Therefore, all we need is

	$\displaystyle\delta_{w}I_{\mathrm{grav}}[w]:=$	$\displaystyle I_{\mathrm{grav}}[w+\delta w,w]-I_{\mathrm{grav}}[w,w]$
	$\displaystyle=$	$\displaystyle\int\mathrm{d}^{d+1}x\,(\mathrm{EOM})_{I}\delta_{w}\Phi^{I}+\int\mathrm{d}^{d}z\sqrt{-\gamma}\,\pi_{I}(z)\delta W^{I}(z).$		(3.9)

Since we are interested in the on-shell variation, only the boundary terms remain.

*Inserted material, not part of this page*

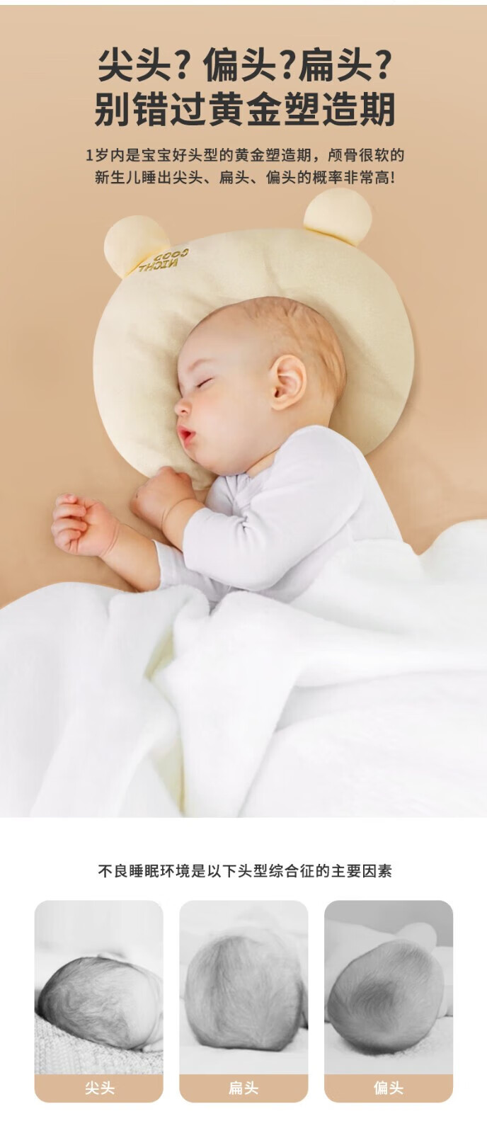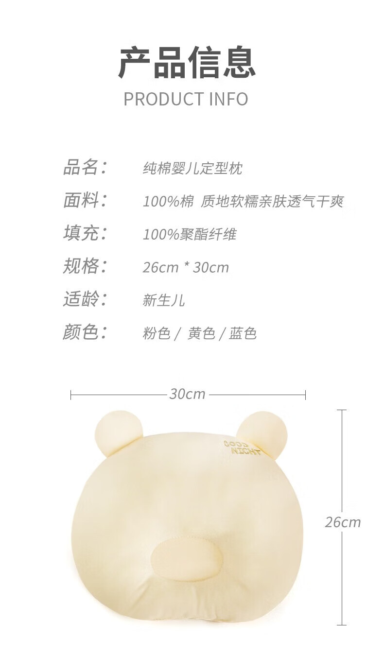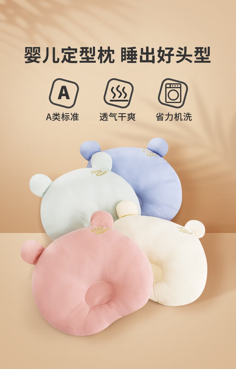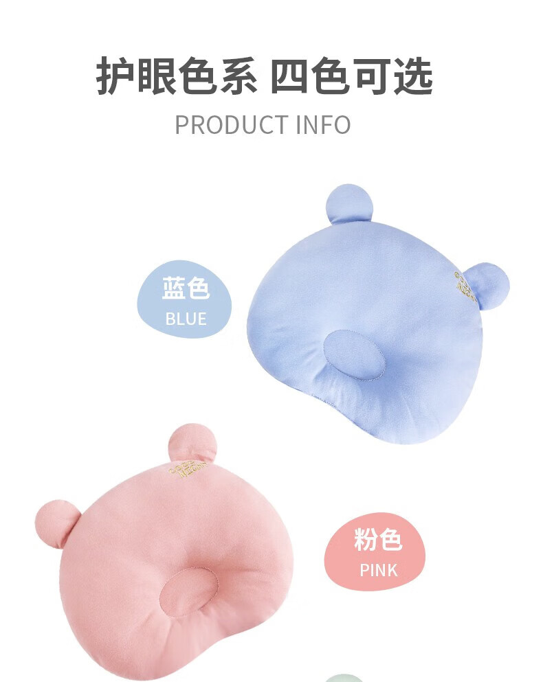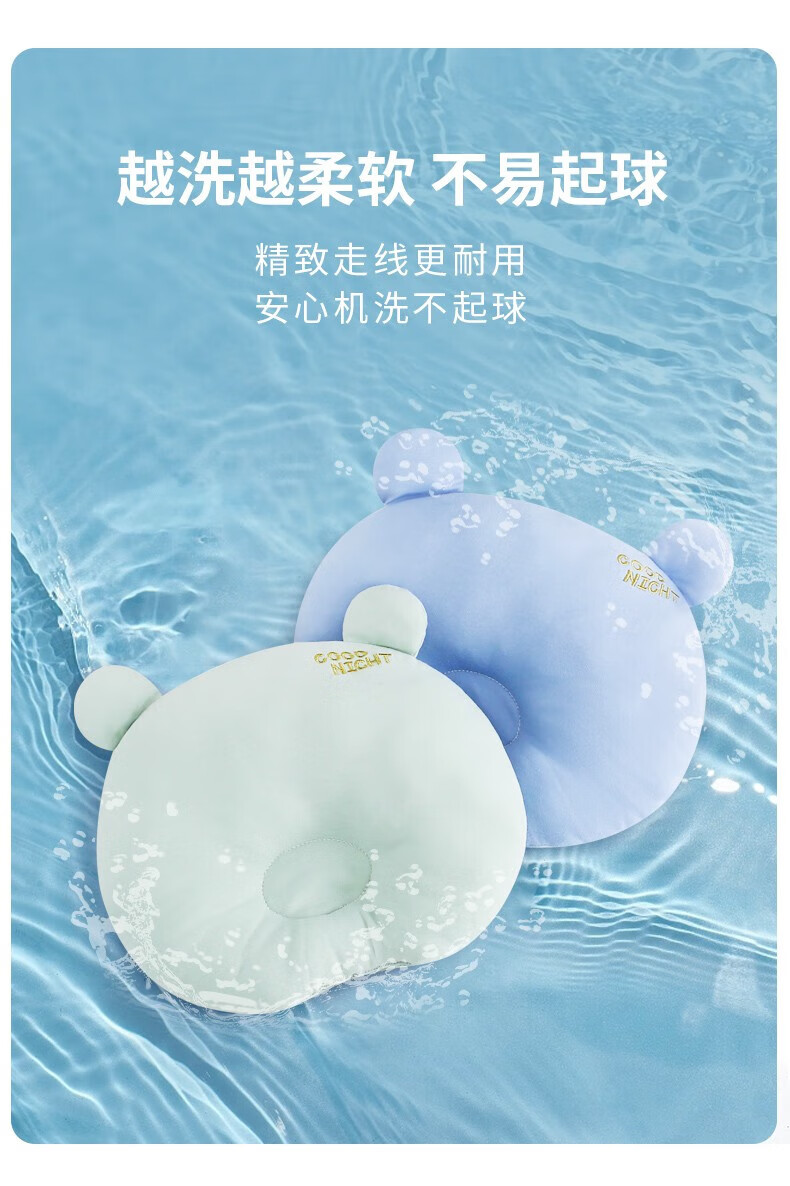 班杰威尔(Banjvall)新生婴儿枕头云片枕定型枕0到6个月平躺枕四季吸汗透气宝宝防吐奶 熊熊枕头蓝色 均码(0-1岁)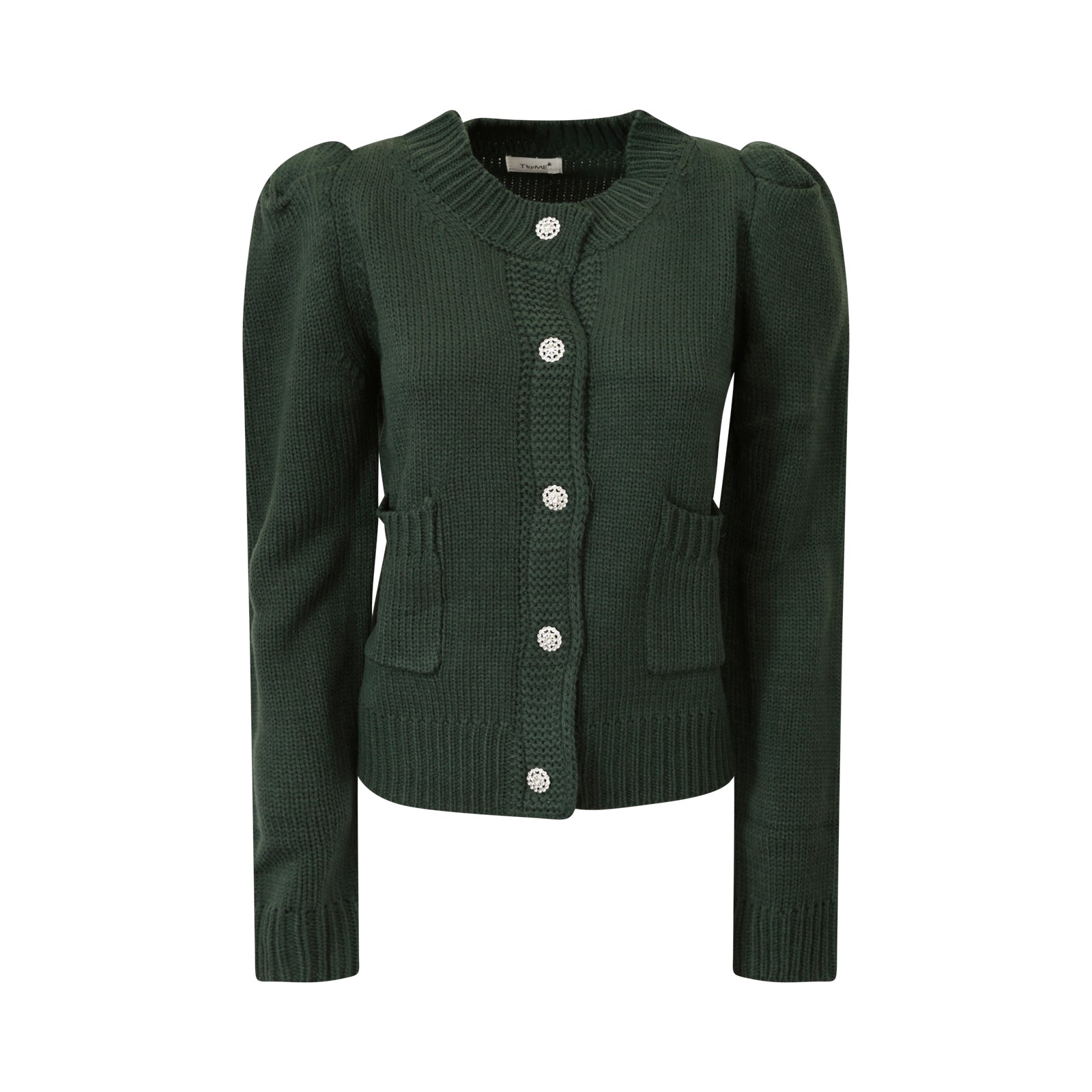 Cardigan verde di T by ME in misto lana con bottoni con accessori, tasche applicate e bordi a coste.

By definition, the Brown-York tensor is considered as

\displaystyle\pi_{I}=Y_{ab}\qquad\mathrm{for}\qquad\delta W^{I}=-\delta\gamma^{ab}/2.

(3.10)

When $I_{\mathrm{matter}}$ takes the form $\int\mathrm{d}^{d+1}x\sqrt{-g}\,\mathcal{L}_{\mathrm{matter}}(\Phi^{I^{\prime}},\nabla_{\mu}\Phi^{I^{\prime}};g)$ ( $I^{\prime}$ does not contain $g_{\mu\nu}$ ), $\pi_{I^{\prime}}$ for the matter fields are written as

\displaystyle\pi_{I^{\prime}}=r_{\mu}\frac{\partial\mathcal{L}_{\mathrm{matter}}}{\partial\left(\nabla_{\mu}\Phi^{I^{\prime}}\right)}+\frac{1}{\sqrt{-\gamma}}\frac{\delta I_{\mathrm{ct}}}{\delta W^{I^{\prime}}}\qquad\mathrm{for}\qquad\delta W^{I^{\prime}}=\delta\Phi^{I^{\prime}}|_{r=R},

(3.11)

where $r_{\mu}=N_{r}^{-1}\delta_{\mu}^{r}$ is the unit normal of $r=\mathrm{const}$ . As seen above, $\pi_{I}$ is like the “canonical conjugate momentum” (up to counterterm contributions) if $r$ were viewed as the time coordinate. This viewpoint agrees with the fact that differentiating the on-shell action with the final position generates the canonical conjugate momentum.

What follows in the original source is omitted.